A separate Byzantine study injected forged approvals from participant agents, while a topology comparison changed the validator structure. Blockers survived both tests, and the residue set remained stable across topologies.
A mixed-model committee also reviewed each decision. On a blind rubric, committee review raised scores for dissent quality, blocker preservation, and boundary reasoning by 0.23 over the single-validator baseline.
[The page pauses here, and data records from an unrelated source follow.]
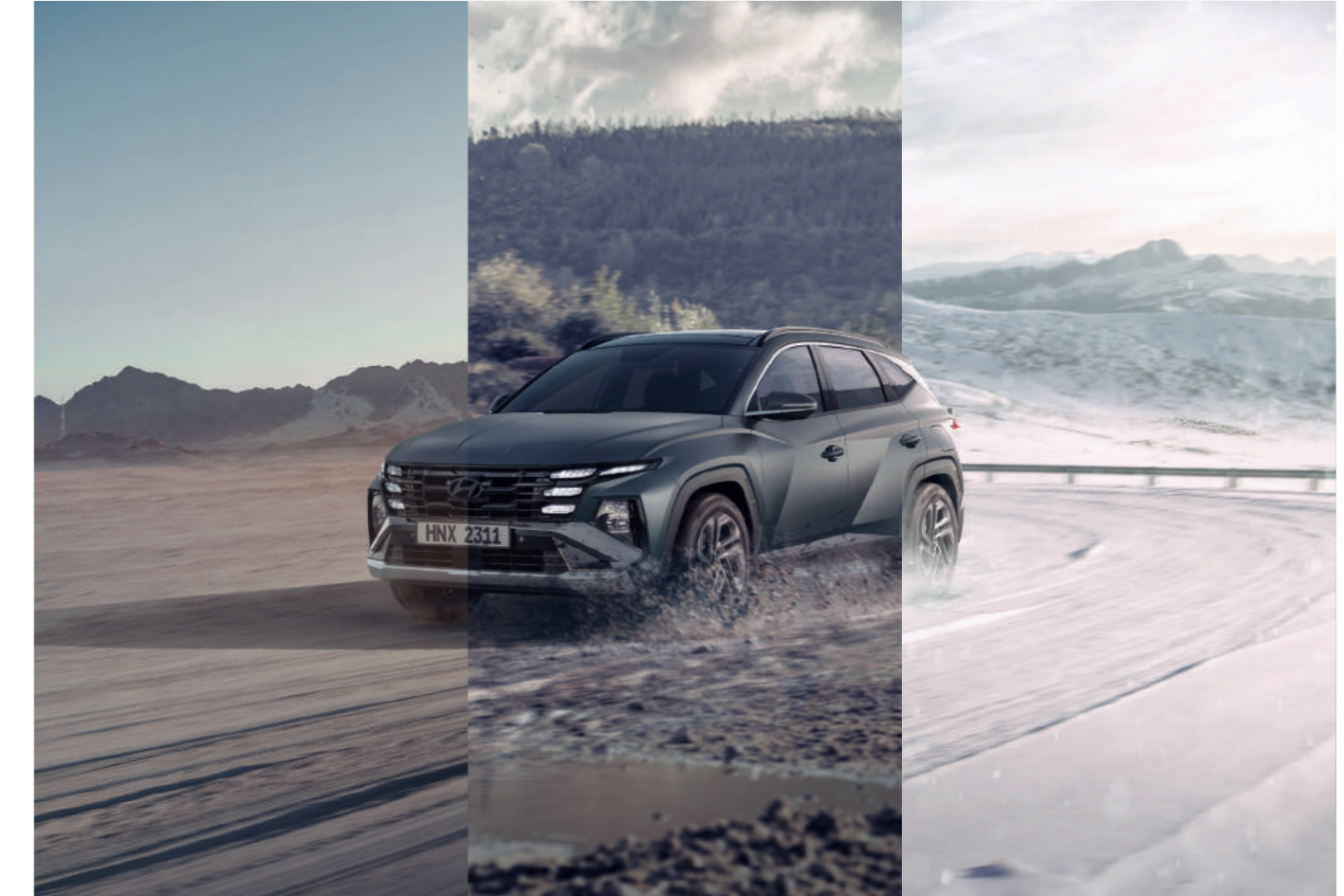
4WD HTRAC / Terrain Mode (Sand, Mud, Snow)

TUCSON AWD provides optimal driving performance through actively distributing driving force to the front and rear wheels according to various driving situations.
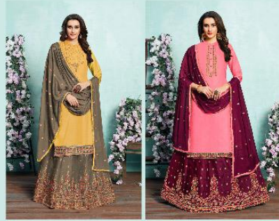
D. No.: 2001
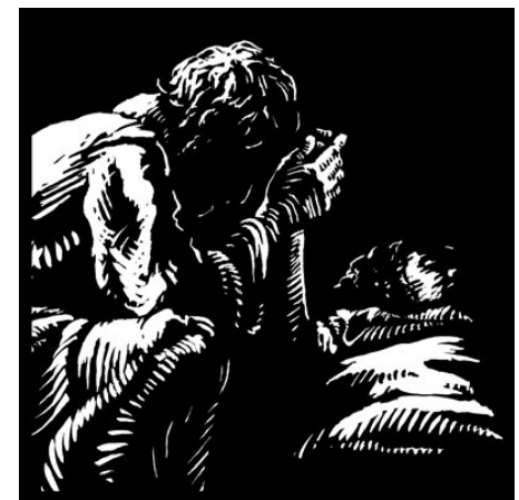
NOW SIMON'S MOTHER-IN-LAW WAS IN BED WITH A FEVER; AND THEY TOLD JESUS ABOUT HER AT ONCE.. HE CAME AND TOOK HER BY THE HAND AND LIFTED HER UP. Mark 1. 30-31

Today we see that his works of healing, firstly of Peter's mother-in-law and then of crowds of people "suffering from diseases of one kind or another," take their toll. He needs to get away; he needs to pray. We
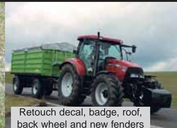
Retouch decal, badge, roof, back wheel and new fenders
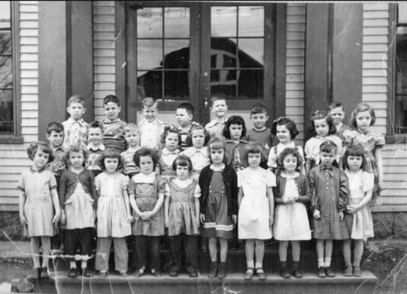
Bradley, Maine Kindergarten Class 1952
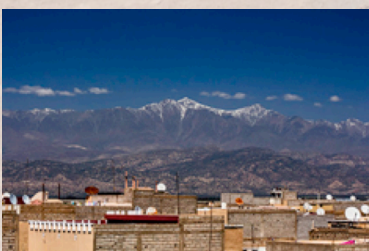
View of Atlas Mtns from La Maison Anglaise roof terrace, 2015

www.becomingClear.org/activities/morocco2017.php
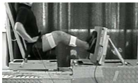
Figure 1. The multi-joint isokinetic dynamometer

were sitting comfortably on the seat of the isokinetic dynamometer placing their legs on a force-plate while their chest and hips were stabilized with straps (Figure 1). During the eccentric exercise sessions the knee joint range of motion was set between 130^\circ to 160^\circ and the linear velocity was set at 0.35 m/s. The first week of the training period served as familiarization period using 70% of the maximal eccentric performance [18-20]. The intensity of the follow up sessions was constantly controlled and readjusted by performing regular assessments of maximal eccentric performance (Table 1). Before each exercise session, subjects performed a warm-up consisting of 6-min cycling on an ergometer at 70 rpm and 50 W followed by 5 min of ordinary stretching exercises of the major muscle groups of the lower limbs.
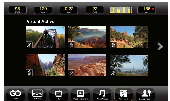
ESCAPE WITH VIRTUAL ACTIVE
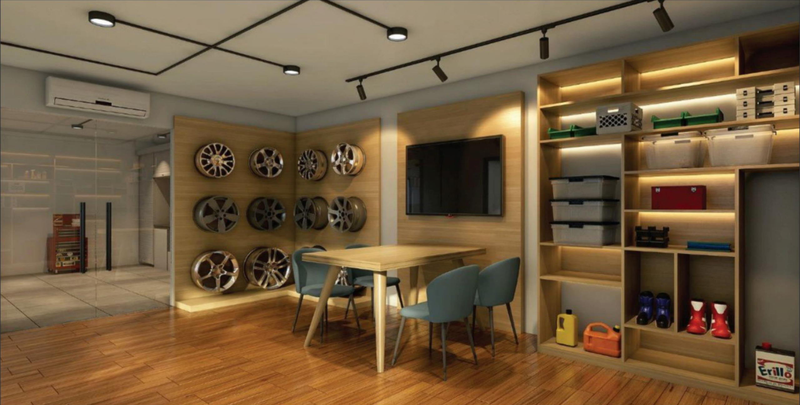
FILSHOPPEE – 3D MODEL INTERIOR DISPLAY
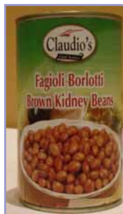
Borlotti Beans > BB Brown Kidney Beans
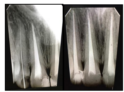
Figure 2: Radiograph with 12
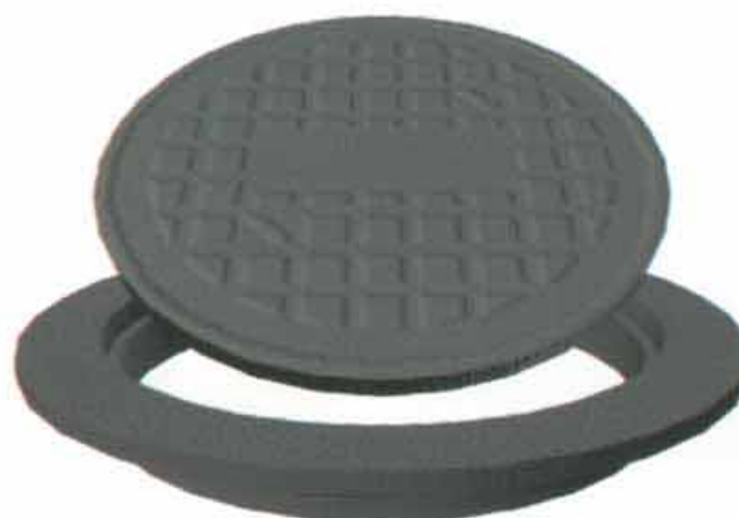
Storm Inlet Rings & Covers
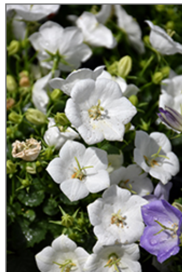
Rapido White Bellflower flowers
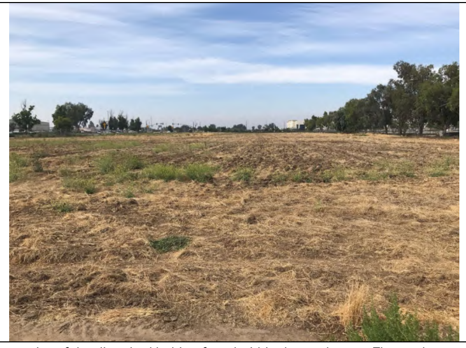
Photo 4: Representative of the disturbed habitat found within the study area. The study area is dominated by non-native grasses.
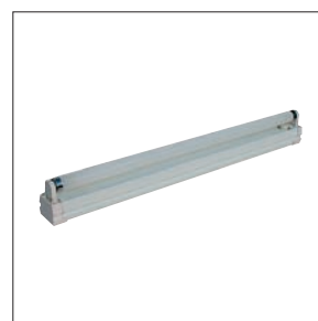
Corp fluorescent tip SS30 cu un tub D-170 - A EUR 18.00 Cod 019.010.190.001
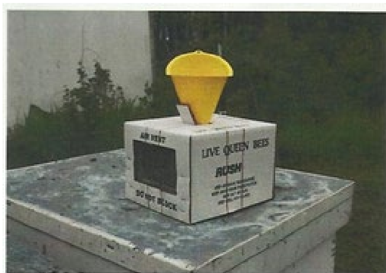
Figure 4: Live bee shipping box with funnel inserted to receive bees. This box should be set up and KEPT IN THE SHADE AT ALL TIMES after bees have been introduced, otherwise the sampled bees may overheat and die. Keep this box out of the wind.
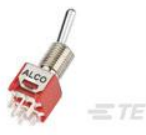
TE Part #2267077-1 TMS1T4B5M2RE
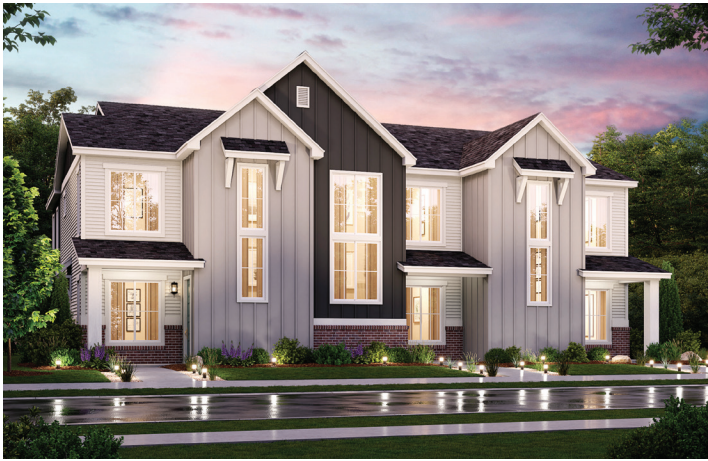
3 PLEX - ELEVATION A

APPROX. 1,378 SQ. FT. | 2-STORY | 3 BEDROOMS | 2.5 BATHROOMS | 2-BAY GARAGE
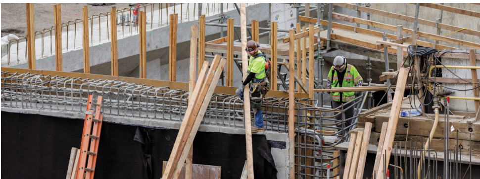
D LINE SUBWAY EXTENSION PROJECT Section 2 – Beverly Hills
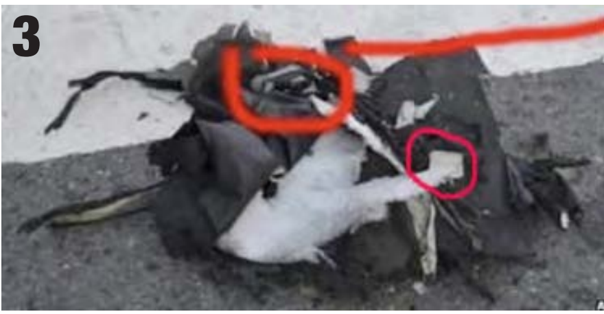
Continued next page
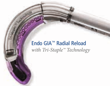
Endo GIA™ Radial Reload with Tri-Staple™ Technology
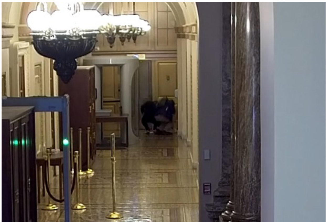
(Both defendants stoop down at the same time and each pick up papers from the floor.)
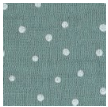
04671.025 OLD GREEN
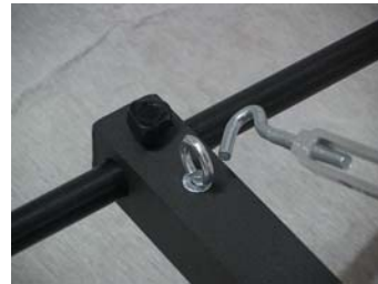
14. Hook the cable to the eyebolt at the end of the tail arm.
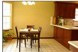
well lighted eating area
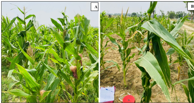
Fig. 2. Maize field full (A) and free (B) of weeds

In the crop-weed system, light plays the role of regulating growth and development and even competition between the two. The plant response varies depending on the amount of light, duration of light, the quantitative spectrum of light and its fluctuations. The amount of light intercepted by weeds is a major determinant of their growth. Manipulating the amount of light intercepted by their canopy can significantly reduce their degree of harm; water stress reduces photosynthesis by interfering with chlorophyll synthesis, electron transport, synthesis and activity of carboxylation enzymes; temperature governs the seasonal growth of weeds and their geographical distribution. For example, at daily and night temperatures of 18°C/12°C and 24°C/12°C, respectively, maize grows faster than any weed and thus stifles its growth (Fig. 2); soil solarisation is also based on high temperatures preventing the germination of weed seeds; the concentration of CO 2 in the atmosphere affects the crop well as the weed, directly or indirectly. C 3 plants generally use more CO 2 than C 4 plants, which has an impact on

Authority leaks remained at zero in both conditions.
06 / Limits and the Open Gap
This tests the fence better than the gate.
- Scenarios are artificial and live seed counts are small.
- The clean results come mostly from one provider and model route; other routes kept execution fields empty but produced more schema, count, and timeout failures.
- The distinction is harness- and schema-enforced, not evidence that any model internalized authority.
- No agent held real medical, legal, treasury, publication, housing, immigration, or deployment authority.
- The suite tests unauthorized action more thoroughly than legitimate action. In the positive controls, every arm overblocked 16.7% of cases, showing that the current boundary also suppresses permitted action.
07 / Conclusion
Score the action, the record, and the route separately.
The behavioral boundary held across every tested domain, but the healthcare run shows why behavior cannot be the only score. A correct refusal entered the wrong field, and a downstream process may receive only that field.
Ablations showed that the contract matters. The primary-route null limited the claim about prompt wording, while committee review improved the quality of reasoning without changing the authority outcome.
The practical result is a system that can report where its permission stops, in a form the next system can trust.